Increased alpha-band power during the retention of shapes and shape-location associations in visual short-term memory
Studies exploring the role of neural oscillations in cognition have revealed sustained increases in
alpha-band (∼8–14 Hz) power during the delay period of delayed-recognition short-term memory
tasks. These increases have been proposed to reflect the inhibition, for example, of cortical
areas representing task-irrelevant information, or of potentially interfering representations from
previous trials. Another possibility, however, is that elevated delay-period alpha-band power
(DPABP) reflects the selection and maintenance of information, rather than, or in addition to,
the inhibition of task-irrelevant information. In the present study, we explored these possibilities
using a delayed-recognition paradigm in which the presence and task relevance of shape
information was systematically manipulated across trial blocks and electroencephalographic was
used to measure alpha-band power.
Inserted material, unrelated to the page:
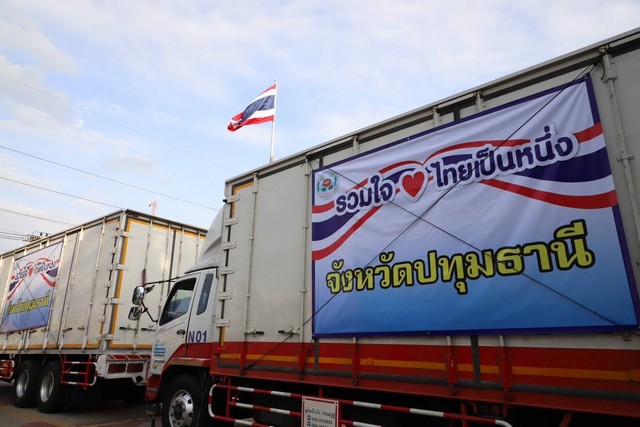 ปทุมธานี ร่วมเป็นอีกหนึ่งแรงใจ ช่วยเหลือคนไทยด้วยกัน ปล่อยขบวนรถบรรทุก ข้าวสาร อาหารแห้ง สิ่งของจำเป็น ปลายทางจังหวัดศรีสะเกษ
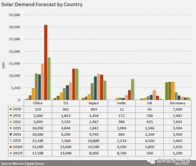 然而,Mercom Capital對2017年光伏新增裝機(jī)的規(guī)模不甚樂觀,與2016年相比可能下降8%(新增70GW),主要是因?yàn)槭艿焦夥鼧?biāo)桿價(jià)下調(diào)的影響,2017年中國的光伏新增裝機(jī)預(yù)計(jì)僅有17GW。

In the first trial block, participants remembered locations
marked by identical black circles. The second block featured the same instructions, but locations
were marked by unique shapes. The third block featured the same stimulus presentation as
the second, but with pretrial instructions indicating, on a trial-by-trial basis, whether memory
for shape or location was required, the other dimension being irrelevant. In the final block,
participants remembered the unique pairing of shape and location for each stimulus. Results
revealed minimal DPABP in each of the location-memory conditions, whether locations were
marked with identical circles or with unique task-irrelevant shapes. In contrast, alpha-band
power increases were observed in both the shape-memory condition, in which location was
task irrelevant, and in the critical final condition, in which both shape and location were task
relevant. These results provide support for the proposal that alpha-band oscillations reflect
the retention of shape information and/or shape–location associations in short-term memory.